When measuring the fiber orientation characteristics of the paper web during the papermaking process, a support is provided on both sides in the width direction of the paper machine, and a guide rail is extended over the support, and the fiber orientation measuring device is used. What is necessary is just to install it on a paper machine, being guided by a guide rail so as to be movable. And
By scanning the fiber orientation measuring device in the cross machine direction along the guide rail, the fiber orientation characteristics of the web in the machine direction and the cross machine direction can be measured. Furthermore, if this apparatus is installed on the wire side and the felt side of the paper web during the paper making process and is scanned in the cross machine direction, the front-back difference of the fiber orientation characteristics in the machine direction and the cross machine direction can be measured. . When scanning is not performed, the fiber orientation characteristics of the paper web with respect to the machine direction can be measured.

FIG. 4 shows another embodiment of this apparatus, which is a schematic side view corresponding to FIG. 2, and the same parts as those of the embodiment shown in FIGS. The description is omitted. At the position where the light receiving unit 20 is provided, a polarizer 21 and a reflected light input unit 41 are provided as a light receiving unit. An optical fiber 42 is connected to each of the reflected light input sections 41, and a light receiving element (not shown) is connected to an output side of the optical fiber 42, and light transmitted through the optical fiber 42 is transmitted to the light receiving element. It is designed to be incident. Further, the lengths of the optical fibers 42 are made substantially equal to each other so that the reflected light reflected by the paper surface 1a and captured by the reflected light input section 41 is incident on each light receiving element almost simultaneously.

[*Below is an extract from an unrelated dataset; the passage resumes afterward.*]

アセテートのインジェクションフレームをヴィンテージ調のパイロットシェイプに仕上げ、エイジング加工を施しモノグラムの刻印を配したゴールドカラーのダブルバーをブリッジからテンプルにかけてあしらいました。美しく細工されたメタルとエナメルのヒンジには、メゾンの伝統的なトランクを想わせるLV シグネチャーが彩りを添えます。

Therefore, the reflected light reflected on the paper surface 1a passes through the polarizer 21, and becomes polarized light oscillating in a direction perpendicular to or parallel to a plane including the incident optical axis Li and the reflected optical axis Lr. The light is separated and incident on the reflected light incident part 41.
Then, the light passes through the optical fiber 42, is incident on each of the light receiving elements at substantially the same time, is photoelectrically converted, and is input to the optical information processing circuit 31 in the same manner as described above, and the arithmetic circuit 32 calculates the orientation index η and the orientation angle α. Is calculated.

In the embodiment shown in FIG. 5, an optical fiber 42 is connected to a reflected light input section 41, and an output section of the optical fiber 42 is connected to the optical fiber 42.
43 faces the polarizer 21 so that the linearly polarized light transmitted through the polarizer 21 enters the light receiving element 22. FIG. 5 is also a schematic side view corresponding to FIG. 2, and the same parts as those in the embodiment shown in FIGS. In this structure, the polarization characteristic of the light reflected on the paper surface 1a needs to be preserved up to the output unit 43. Therefore, the optical fiber 42 has a single polarization plane preservation mode.

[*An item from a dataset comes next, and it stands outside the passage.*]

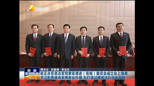 2月25日上午,陕西省司法体制改革试点工作动员会和陕西省法官检察官遴选(惩戒)委员会成立会议在陕西宾馆召开,省委书记赵正永出席会议并讲话。陕西省委常委、省委政法委书记祝列克主持会议,副省长杜航伟、省法院院长阎庆文、省检察院检察长胡太平出席。西安交大B体育官网平台单文华教授出任陕西省法官检察官遴选(惩戒)委员会首届主任。陕西省委政法委副书记寇昉、陕西省委组织部副部长翟四虎、陕西省高级人民法院副院长田平利和陕西省人民检察院副检察长程紫平等四人分别出任副主任。赵正永书记为省法官检察官遴选(惩戒)委员会主任、副主任颁发聘书。B体育官网平台王保民教授和吴平魁副教授出任法官检察官遴选(惩戒)委员会非常任委员。
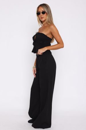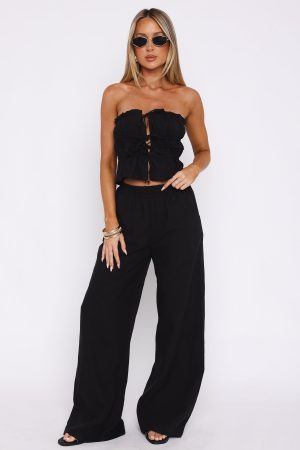 Designed to fit with ease. the Secret Society Pants Black will become your favourite. Featuring a high. elasticated waistband. side pocket design and lightweight. linen fabric. We love this paired with your go-to bikini and flats for a day in the sun!

Therefore, the reflected light reflected on the paper surface 1a enters from the reflected light input unit 41 and passes through the optical fiber 42 while maintaining the polarization characteristics. The reflected light emitted from the output unit 43 passes through the polarizer 21 and is separated into polarized light oscillating in a direction perpendicular to or parallel to a plane including the incident optical axis Li and the reflected optical axis Lr. And
The separated polarized light is captured by the light receiving element 22. Then
Photoelectric conversion is performed by the light receiving element 22 and input to the optical information processing circuit 31 in the same manner as described above, and the arithmetic circuit 32 calculates the orientation index η and the orientation angle α.

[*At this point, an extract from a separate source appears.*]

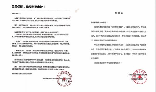 目前,還有多家餐飲公司回應(yīng)。9月7日,廣州多滿分食品有限公司發(fā)聲明稱,學(xué)生餐均是就餐當(dāng)天上午在央廚新鮮現(xiàn)場制作完成的。
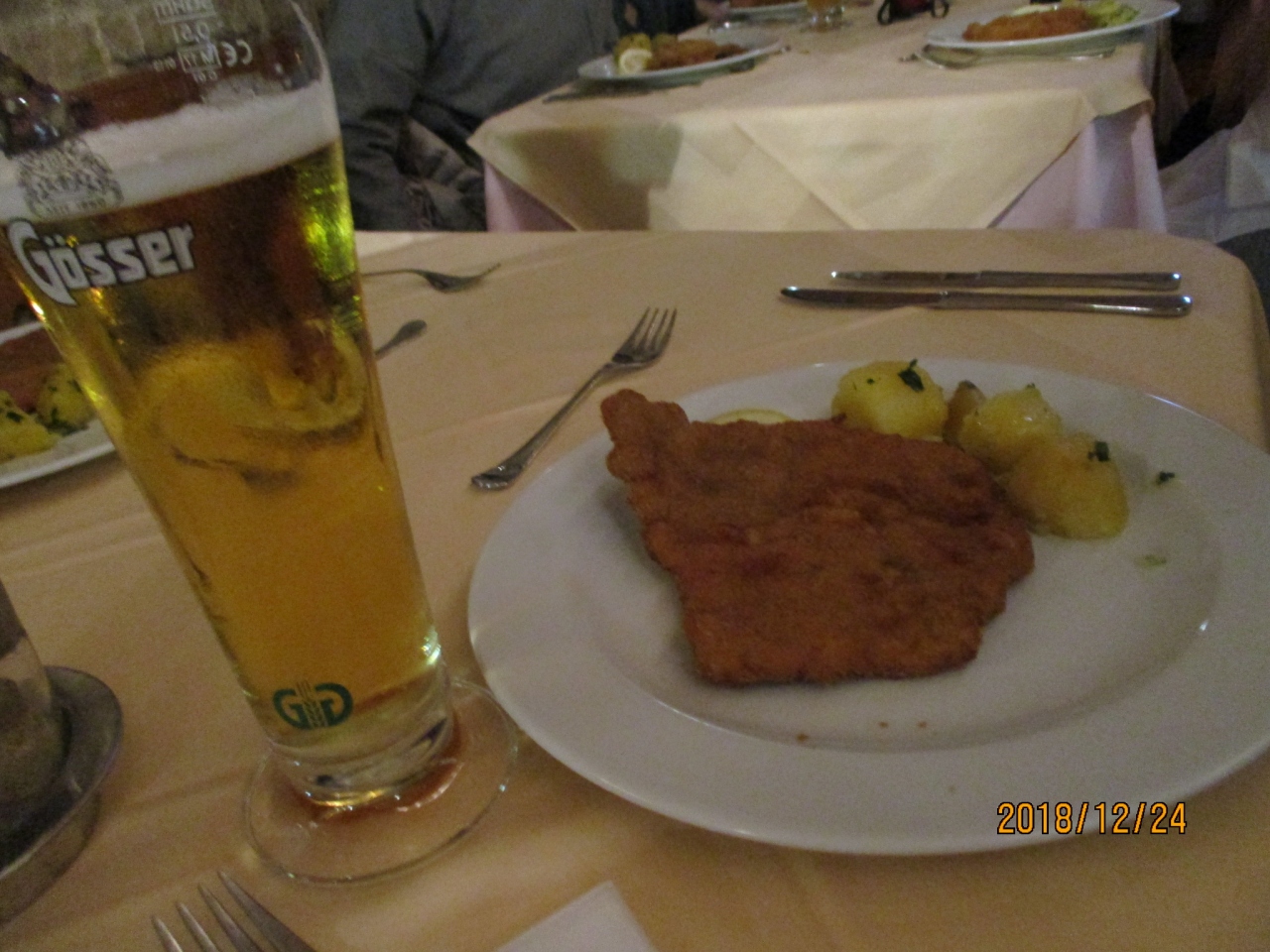 ツアーのディナーで訪れました。わりと気軽に利用できるカジュアルなレストランですが、静かで落ち着いた感じもありました。この時は、ウィナーシュニッツェルがメインでしたが、仔牛肉ではなく、ポークだったので少し残念でした。ビールもデザートもおいしかったです。

In the configuration using the optical fiber 42, only the input end of the optical fiber 42 is provided at the portion of the fiber orientation measuring device installed near the paper 1, so that The parts are reduced in size and weight. For this reason, when performing on-line measurement by scanning in the cross-machine direction, it is possible to reduce the space for installing the relevant portion and reduce the power for driving the apparatus in the cross-machine direction.

In these embodiments, the configuration using the optical fiber for the light receiving means 20 has been described.
Alternatively, a configuration using an optical fiber, or a configuration using an optical fiber for both the light projecting means 10 and the light receiving means 20 can be achieved, and the size and weight of the above-described portion can be further reduced.

[0039]

As described above, according to the method and apparatus for measuring the fiber orientation of paper according to the present invention, the incident light is made unpolarized, and the reflected light from the paper surface is almost simultaneously emitted by the plurality of light receiving means. Since the fiber orientation characteristics are measured by capturing, the measurement can be performed in a very short time without requiring a rotating body in the optical system. In addition, since the structure does not require a rotating body, the size can be reduced without a complicated structure. Moreover, the measurement can be performed without contacting the paper and without breaking the paper.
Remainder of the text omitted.